45 Language #2: Quality time
Quality time is spending time with each other, without being distracted by other things around you. The focus is on being together Talk long walks together Take trips One on one No interruptions, put the phone down Conversation

46 Language #3: Receiving Gifts
Cost doesn’t matter The thought and effort are what shows love Could be homemade etc… Give gifts on special occasions and “just because” Gifts are visual, tangible representations of caring

47 Language #4: Acts of Service
Acts of service is love expressed by actions. Helping with chores Acts of kindness Doing something nice for a person to help them Takes time and effort

48 Language #5: Physical Touch
No, it’s not just about sex. Hugs Holding hands Pat on the back High five, fist bump Shoulder rub We all have a need to have physical touch in our lives, from the time we are infants People who express love in this way have a greater need than others.

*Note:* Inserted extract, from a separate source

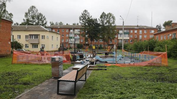Ранее в дворе расширили проезды и парковки, обновили асфальтовое покрытие и отремонтировали уличное освещение. Сейчас рабочие монтируют игровые конструкции, после чего будет уложено резиновое покрытие.

49 What if you feel loved by EVERYTHING!
If you found that you responded well to all of the love languages that is SUPER COOL! You are an easier person to show love too and you are probably pretty good at showing love to others in a variety of ways. Pay attention to the languages of those around you and don’t just assume that everyone will feel loved by the things that you feel loved by – you need to be sure to be aware of those differences 

50 No matter what the form of love you show,
It’s not really love if you are expecting something in return. Love is freely given, in a way that the other person can understand, with no demands on the other person to give back in the same way. Real love is not as much an emotion as it is a choice and a series of actions to express that choice

51 This works in any relationship between two people.
HOMEWORK!! This week: Have one other person in your life take the love languages quiz and discuss with this what the concept of love languages means and how it impacts all relationships.. You will then turn in a reflection paragraph – what were the results of the test? What did you discuss or learn from the conversation? (you could choose a sibling, parent, friend, boyfriend, girlfriend, aunt, uncle, anyone you feel close to…. (that isn’t in this class or another period!)